Cost of goods sold increased to $7,674.9 million in fiscal 2012 compared to $4,407.7 million in fiscal 2011 primarily as a result of the Smurfit-Stone Acquisition and increased freight and chemical costs which were partially offset by reduced recycled fiber costs and energy costs. Chemical costs in our legacy RockTenn mills increased $1 per ton and freight expense, excluding the impact of the Smurfit-Stone Acquisition, increased $12.2 million due in part to higher volumes. Recycled fiber costs and energy costs in our legacy RockTenn mills decreased $26 and $5 per ton, respectively.

Cost of goods sold increased to $4,407.7 million in fiscal 2011 compared to $2,281.3 million in fiscal 2010 primarily as a result of increased sales from the acquired Smurfit-Stone operations. Cost of goods sold as a percentage of net sales increased in fiscal 2011 compared to fiscal 2010 primarily as a result of the acquired lower margin Smurfit-Stone business, increased recycled fiber, chemical, energy and freight costs and $59.4 million of acquisition inventory step-up expense associated with the Smurfit-Stone Acquisition, which were partially offset by reduced virgin fiber costs. Cost of goods sold in the prior year was also reduced by $28.8 million of alternative fuel mixture credits, net of expenses.
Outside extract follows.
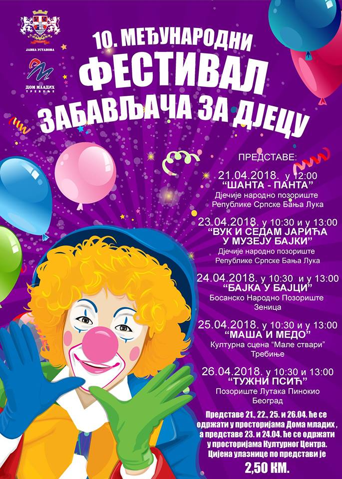 У организацији ЈУ "Дом младих", а под покровитељством Града Требиња, од 21. до 26. априла одржаће се 10. Међународни фестивал забављача за дјецу.

Recycled fiber, chemical and energy costs in our legacy mills increased $47 per ton, $6 per ton and $1 per ton, respectively. Freight expense, excluding the impact of the Smurfit-Stone Acquisition, increased $18.8 million due in part to higher volumes. Virgin fiber costs in our legacy bleached paperboard mill decreased $33 per ton and income related to foreign currency transactions increased $4.4 million.

We value the majority of our U.S. inventories at the lower of cost or market with cost determined on the last-in first-out ("LIFO") inventory valuation method, which we believe generally results in a better matching of current costs and revenues than under the first-in first-out ("FIFO") inventory valuation method. In periods of increasing costs, the LIFO method generally results in higher cost of goods sold than under the FIFO method. In periods of decreasing costs, the results are generally the opposite.
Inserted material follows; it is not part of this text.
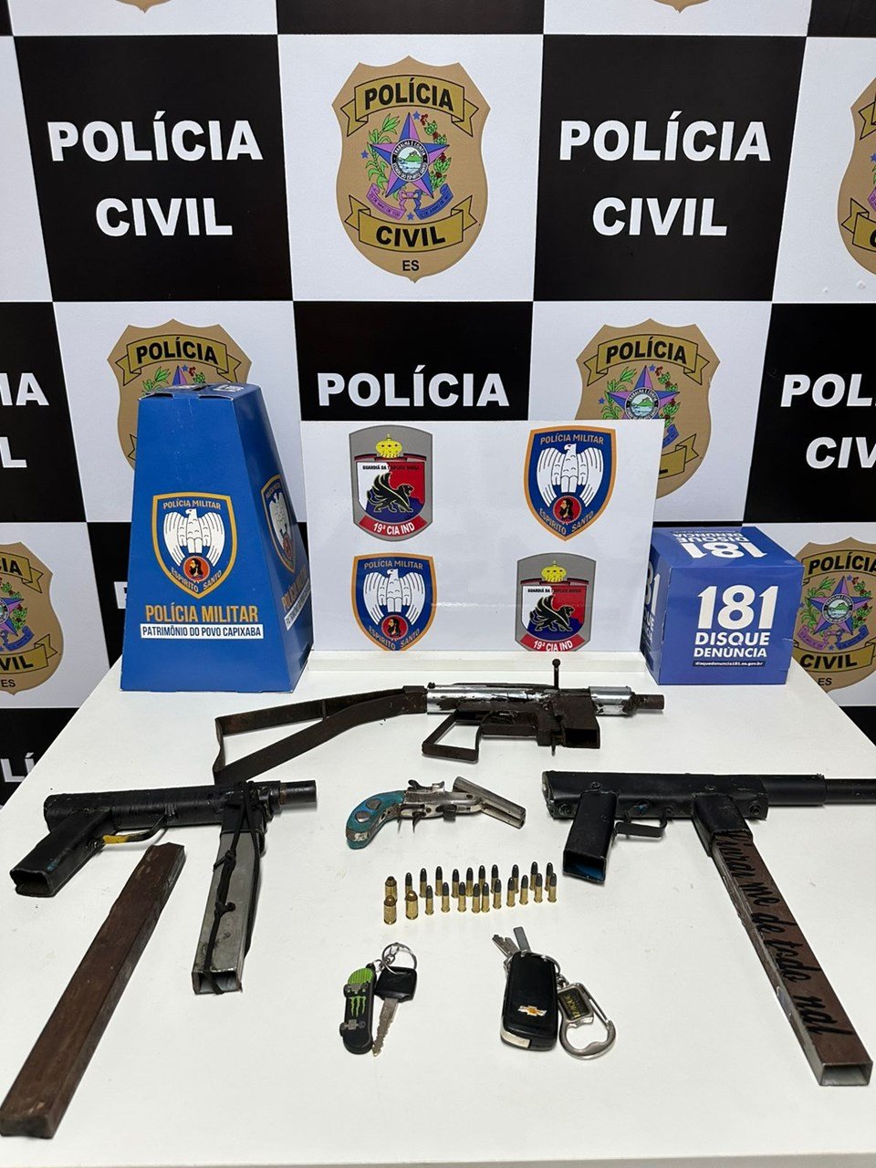 Uma operação conjunta da Polícia Civil do Espírito Santo (PCES) e da Polícia Militar do Espírito Santo (PMES), realizada na tarde dessa quarta-feira (25), no município de Pinheiros, resultou na apreensão de quatro adolescentes envolvidos em ato infracional análogo ao crime de roubo e na recuperação de dois veículos roubados. Na ação, também foram apreendidas duas submetralhadoras de fabricação caseira, além de um revólver calibre .22, um simulacro de submetralhadora e dois aparelhos celulares pertencentes à vítima.

The following table illustrates the comparative effect of LIFO and FIFO accounting on our results of operations. This supplemental FIFO earnings information reflects the after-tax effect of eliminating the LIFO adjustment each year.

                               Fiscal 2012                 Fiscal 2011                 Fiscal 2010
                           LIFO          FIFO          LIFO          FIFO          LIFO          FIFO
                                                          (In millions)
Cost of goods sold      $ 7,674.9     $ 7,699.9     $ 4,407.7     $ 4,398.3     $ 2,281.3     $ 2,267.8
Net income attributable
to Rock-Tenn Company
shareholders            $   249.1     $   233.3     $   141.1     $   147.1     $   225.6     $   234.2

Net income attributable to Rock-Tenn Company shareholders in fiscal 2012 is higher under the LIFO method because we experienced a period of declining costs. Net income attributable to Rock-Tenn Company shareholders in fiscal 2011 and 2010 is lower under the LIFO method because we experienced periods of rising costs.

Selling, General and Administrative Expenses

Selling, general and administrative ("SG&A") expenses increased $386.3 million to $927.5 million in fiscal 2012 compared to $541.2 million in fiscal 2011. The SG&A increases were primarily due to the inclusion of a full year of Smurfit-Stone operations and were relatively flat as a percentage of net sales primarily due to synergies realized in the acquisition offsetting inflationary items and the impact on net sales of declining recycled fiber and corrugated selling prices.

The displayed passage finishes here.